→ DESCRIPTION OF THE TASK
All lines below between the line with "Setul nostru de" and the line with "Carregador Veicular 120w", including both, must be copied exactly, and the pictures must be omitted.

→ THE RECORDS
- - - -

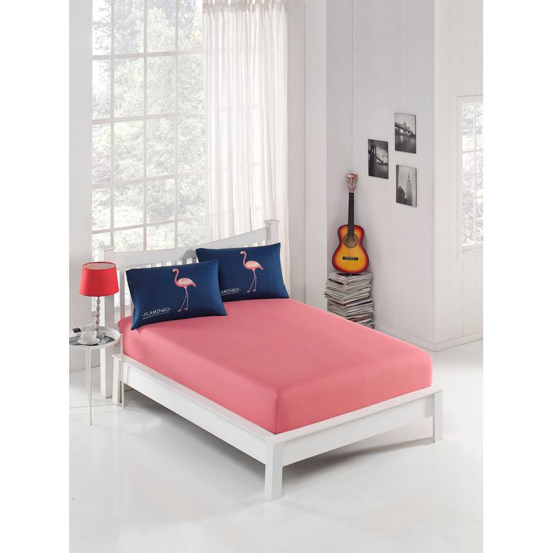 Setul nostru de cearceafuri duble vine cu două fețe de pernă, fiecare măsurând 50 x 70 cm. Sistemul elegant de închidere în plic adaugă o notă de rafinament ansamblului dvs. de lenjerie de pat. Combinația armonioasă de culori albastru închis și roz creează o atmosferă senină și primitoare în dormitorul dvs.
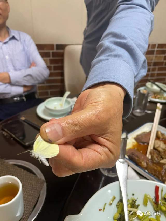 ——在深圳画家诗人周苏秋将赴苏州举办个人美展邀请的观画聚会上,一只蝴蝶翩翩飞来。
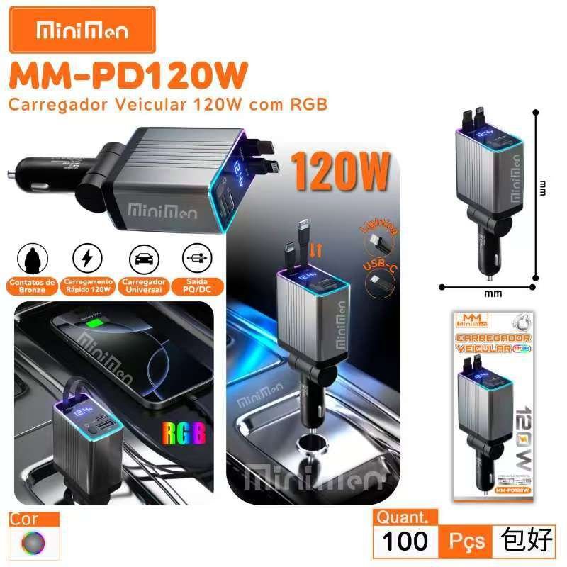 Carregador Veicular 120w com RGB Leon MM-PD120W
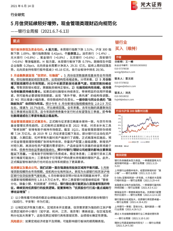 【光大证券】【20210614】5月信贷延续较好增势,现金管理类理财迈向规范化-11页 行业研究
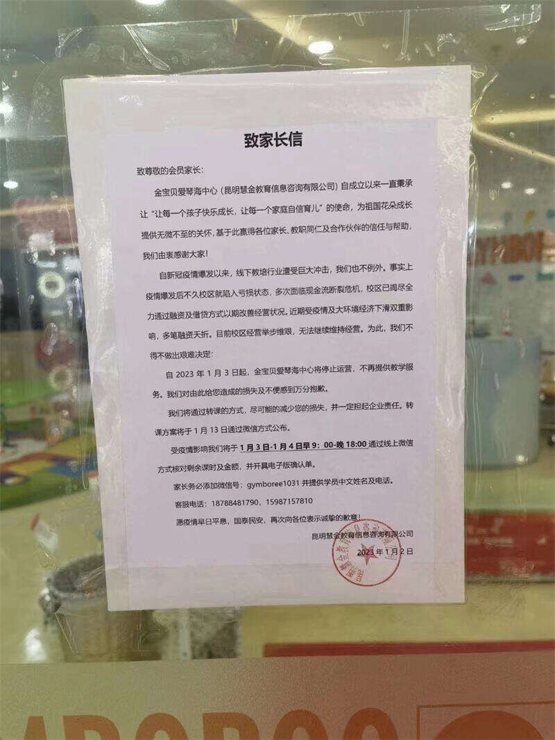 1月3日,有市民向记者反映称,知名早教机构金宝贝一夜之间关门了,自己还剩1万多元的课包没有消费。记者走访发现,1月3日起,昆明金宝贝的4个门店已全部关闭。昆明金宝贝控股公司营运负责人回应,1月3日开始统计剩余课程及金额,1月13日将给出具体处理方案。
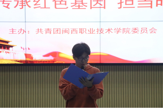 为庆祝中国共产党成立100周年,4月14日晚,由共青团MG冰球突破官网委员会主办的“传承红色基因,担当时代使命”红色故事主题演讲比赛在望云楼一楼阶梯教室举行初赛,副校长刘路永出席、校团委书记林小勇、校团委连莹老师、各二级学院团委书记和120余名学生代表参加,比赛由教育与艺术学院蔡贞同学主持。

- - - -

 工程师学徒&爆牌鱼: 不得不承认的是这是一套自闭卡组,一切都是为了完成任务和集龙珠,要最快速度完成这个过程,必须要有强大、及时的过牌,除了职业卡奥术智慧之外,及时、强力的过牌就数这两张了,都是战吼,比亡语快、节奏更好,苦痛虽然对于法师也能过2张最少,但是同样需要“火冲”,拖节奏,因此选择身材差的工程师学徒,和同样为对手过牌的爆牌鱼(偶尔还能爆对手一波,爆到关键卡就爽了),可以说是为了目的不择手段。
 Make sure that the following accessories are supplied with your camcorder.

- - - -

→ TASK RESULT
 Setul nostru de cearceafuri duble vine cu două fețe de pernă, fiecare măsurând 50 x 70 cm. Sistemul elegant de închidere în plic adaugă o notă de rafinament ansamblului dvs. de lenjerie de pat. Combinația armonioasă de culori albastru închis și roz creează o atmosferă senină și primitoare în dormitorul dvs.
 ——在深圳画家诗人周苏秋将赴苏州举办个人美展邀请的观画聚会上,一只蝴蝶翩翩飞来。
 Carregador Veicular 120w com RGB Leon MM-PD120W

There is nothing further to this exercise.